We, several principal investigators, hold a joint lab meeting regularly every Friday to discuss about our research projects and report our progresses.  At such meetings, 1-2 persons, mostly our students and postdoctoral fellows (the trainees) and sometimes us PIs, give presentations while the rest of the participants challenge the speakers with critical questions.  This type of meetings is very important part of our professional life since they sharpen our presentation skills and equip us with public defense capabilities.  If you are a scientist, you probably are attending such meetings regularly and you understand that in order to take full advantage of these meetings, speakers need to spend good amount of time to prepare slides, organize data, and even practice a few times to make sure they can attract the attendee's attention.  A good reason to invest time on preparation is because a well-prepared presentation invites constructive and critical questions sometimes are worth of millions of dollars whereas a poorly prepared talk usually leads to futile arguments resulting a total waste of time.  In this respect, speakers do have some level of controls over the range of questions they receive.  I personally value people's criticisms and I welcome them with open mind and arms, thus, I have no inhibition to provide mine.  I consider I am providing a service to help others by being one of the tough audience.

My frankness at our weekly meetings had worked well for years and people within the group had been benefitted from it, okay, people have gotten used to it.

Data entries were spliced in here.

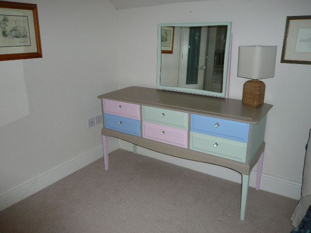 But first I had to make a sketch detailing which drawer fronts, surrounds, uprights, mirror frame, top and legs were to be painted in which colour. You can only imagine the possible combinations – but no problem, owing to my new found clarity of vision I was able to decide pretty much straight away – no changes of mind. Three days later, all done with three coats of paint (also bought online) and I’m very happy with the outcome.
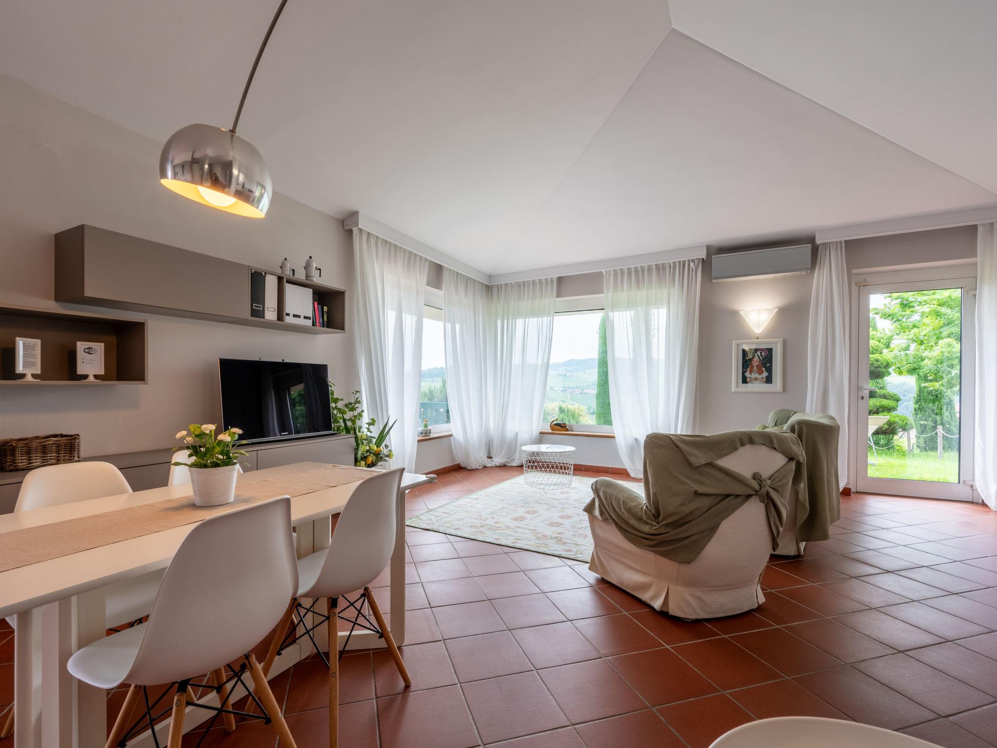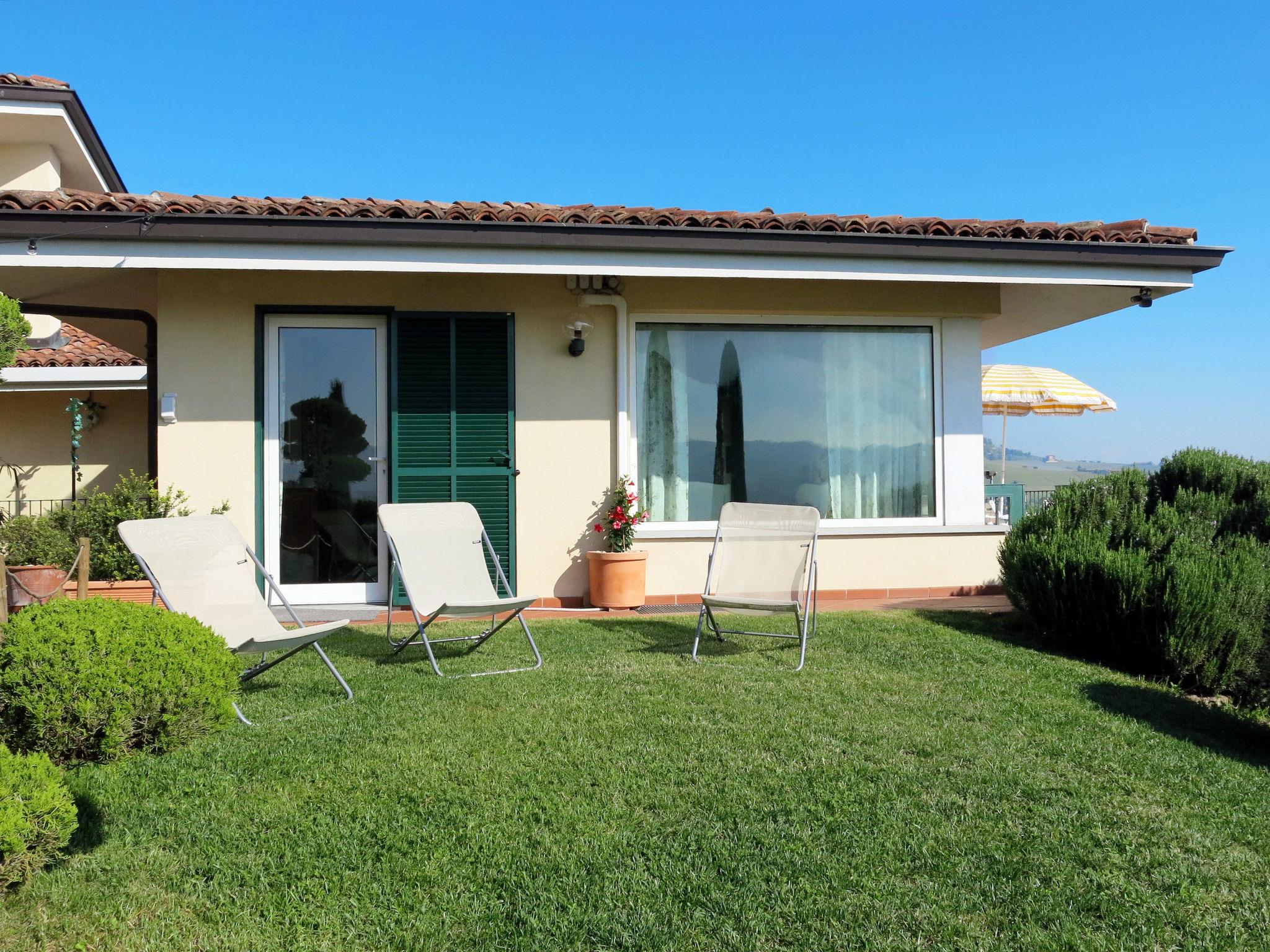 3-room semi-detached house 140 m2, on the upper ground floor. Bright, tasteful and cosy furnishings: living room with satellite TV. Exit to the garden. 1 double bedroom. 1 room with 1 french bed (140 cm). Open kitchen (oven, dishwasher, 4 induction hot plates, toaster, kettle, microwave, freezer, electric coffee machine) with dining table. Exit to the terrace. Shower/WC. Underfloor heating. Heating available only from 01.10. to 30.04. Natural stone floors. Terrace 40 m2. Terrace furniture, barbecue (portable), deck chairs (4). Panoramic view of the countryside and Castello di Barolo. Facilities: children's high chair, baby cot, hair dryer. Internet (WiFi, free). Please note: private entrance. IT004013C2SU2EFWBY
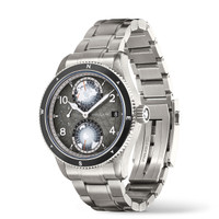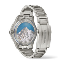 Paying tribute to the world’s highest peaks and the alpinists who dare to climb them enduring extreme conditions, this Montblanc 1858 Geosphere 0 Oxygen The 8000 is housed in a 42mm titanium case totally devoid of oxygen. This has several advantages for explorers by eliminating fogging and preventing oxidization, thus allowing the movement to last far longer with greater precision. The timepiece is powered by the MB 29.25 automatic movement with Manufacture Worldtime complication which includes the time of the 24-hour zones readable on the luminescent continents of the 3D turning Northern and Southern Hemisphere globes, day & night indications, dual time display, and a date. The timepiece also comes with a fluted bi-directional black ceramic bezel with luminescent cardinal points, a sfumato dark gray glacier pattern dial with orange accents, and an interchangeable titanium bracelet with a taper and fine adjustment system. The case back for this model features a 3D laser engraving of the K2 mountain that is depicted with incredible color, depth, and realism. Ident No. MB130982 Movement CALIBER Automatic, self-winding MOVEMENT TYPE Automatic movement Manufacture worldtime complication NUMBER OF JEWELS 26 Jewels Case CASE DIAMETER 1.65 inches CASE HEIGHT 0.50 inches WATER RESISTANT 10 bar (100 m) bar BEZEL Bi-directional turning bezel BEZEL MATERIAL Stainless steel and ceramic SAPPHIRE CRYSTAL Domed sapphire crystal with anti-reflective coating CROWN Fluted in titanium with Montblanc emblem in relief DIAL Sfumato dark gray glacier pattern dial with white luminescent black rhodium-coated Arabic numerals and indexes
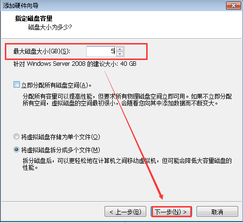 1.4最大磁盘大小,选择"5G",点击"下一步",后完成。
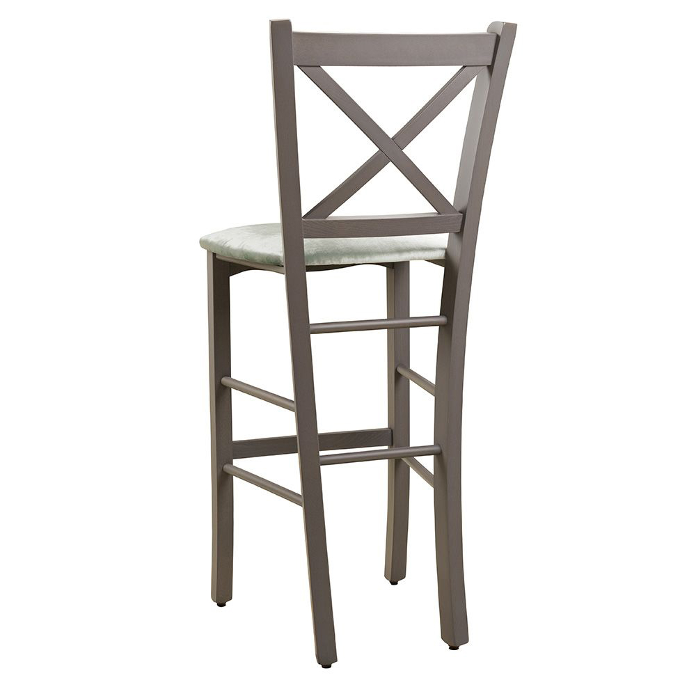Der Italax-Bar-42QJ-P ist ein zeitloser Barstuhl mit Sitzpolster. Durch doppelte Verstrebungen unter dem Sitz gewinnt er an Stabilität. Der Barhocker hat einen verstrebten Holzrücken und ist ideal für jeden Gastronomiebetrieb.

But a little more than two years ago, the big boss of the group passed away prematurely, which led to a drastic change in the dynamics of the original group: some of us PIs automatically gained seniority whereas others, particularly the trainees of the big boss, were facing uncertainties of their future, they either needed to claim their independence by quickly acquire research funds to become PIs or to move away to work for other PIs.  Also, the group somehow gets bigger and unfamiliar faces show up each time.  My continuing speaking critically with a bossy tone in this case would have been out of place and time.

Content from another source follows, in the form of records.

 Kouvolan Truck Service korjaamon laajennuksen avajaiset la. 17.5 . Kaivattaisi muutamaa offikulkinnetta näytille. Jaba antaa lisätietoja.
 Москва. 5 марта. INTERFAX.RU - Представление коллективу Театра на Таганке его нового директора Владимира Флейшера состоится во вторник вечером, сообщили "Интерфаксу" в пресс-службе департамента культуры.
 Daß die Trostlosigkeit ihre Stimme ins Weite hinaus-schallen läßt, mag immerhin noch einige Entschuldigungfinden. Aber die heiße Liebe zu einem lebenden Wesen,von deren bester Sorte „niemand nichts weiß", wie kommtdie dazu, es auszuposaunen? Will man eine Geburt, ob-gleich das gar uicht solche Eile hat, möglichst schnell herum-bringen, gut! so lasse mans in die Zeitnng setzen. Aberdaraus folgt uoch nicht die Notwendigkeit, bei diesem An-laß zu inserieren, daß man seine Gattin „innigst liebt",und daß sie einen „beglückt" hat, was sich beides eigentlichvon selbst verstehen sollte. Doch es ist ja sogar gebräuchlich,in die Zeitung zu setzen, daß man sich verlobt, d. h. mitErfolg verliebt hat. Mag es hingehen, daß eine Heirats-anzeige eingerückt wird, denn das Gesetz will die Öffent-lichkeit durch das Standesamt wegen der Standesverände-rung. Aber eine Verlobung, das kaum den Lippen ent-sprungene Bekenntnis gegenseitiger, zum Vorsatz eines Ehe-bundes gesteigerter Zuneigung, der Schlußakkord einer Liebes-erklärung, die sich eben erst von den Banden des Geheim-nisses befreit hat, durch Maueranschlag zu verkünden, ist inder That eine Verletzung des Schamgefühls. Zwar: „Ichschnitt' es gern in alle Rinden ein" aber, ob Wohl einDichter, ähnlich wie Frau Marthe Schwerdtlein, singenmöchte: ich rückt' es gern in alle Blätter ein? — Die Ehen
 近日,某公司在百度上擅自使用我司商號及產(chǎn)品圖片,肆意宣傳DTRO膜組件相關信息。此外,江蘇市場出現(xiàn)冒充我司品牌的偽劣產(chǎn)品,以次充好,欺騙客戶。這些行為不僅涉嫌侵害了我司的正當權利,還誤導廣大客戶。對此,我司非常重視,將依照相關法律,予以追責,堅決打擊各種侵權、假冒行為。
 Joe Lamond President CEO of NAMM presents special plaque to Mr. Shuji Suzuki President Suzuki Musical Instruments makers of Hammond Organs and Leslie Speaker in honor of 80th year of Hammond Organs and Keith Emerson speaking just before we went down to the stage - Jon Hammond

Therefore, I had decided to change the style of my public speaking at that time.

You guessed it, that was impossible!  I cannot sugar coat what I have to say.  It conflicts with my personality and is against my teaching philosophy.

An alternative was to keep my mouth shut tightly.  But this is also a dilemma.  After all, it is my job to provide feedback to the speakers, I have to say something!  Plus, keeping my mouth shut kills my brain activity - remembers introverts, we extroverts usually require speaking to stimulate thinking.

What to do?  How to shut up or to speak without sugar-coating things?

After trying my best to keep myself invisible for a while, I'd developed a strategy: I simply just waited for a few seconds to dissipate the urge of my questioning and commenting "critically".  This small amount of waiting time usually allows others who are less critical to ask questions.  By the time I open my mouth, the speakers' have already been primed for tougher questions thus the likelihood of their taking my comments as an offense decreases.  I then could just safely sail with my critical but necessary critiques.

By playing with this wait game, I have gained quite a bit of control.  I've felt easier and easier as time goes.  I have started to enjoy the new me who is sitting quietly at the back row listening others.  Sometimes I even can laugh inside at those who act like the old me speaking authoritatively without inhibition.  Now more than two years have elapsed and I've begun to harvest the fruit of my efforts.  I've noticed that my change counteracts the negative energy around me.  It is worth of mentioning here that my "personality change" has certainly been noticed - people sometimes look for me at meetings and often amused when they find me sitting all the way back in the room.  More importantly, they sometimes even invite me to speak up!

Problems solved, right?

Not so easily, especially not today!  Today, however, I sort of let go of my self-control at our joint lab meeting.  And I am not proud of myself today.  Now I am sitting here wishing that I had not flushed my past few years of efforts down to the toilet!

It's definitely more important to know when to shut up than to know when to speak up.

Don't you agree?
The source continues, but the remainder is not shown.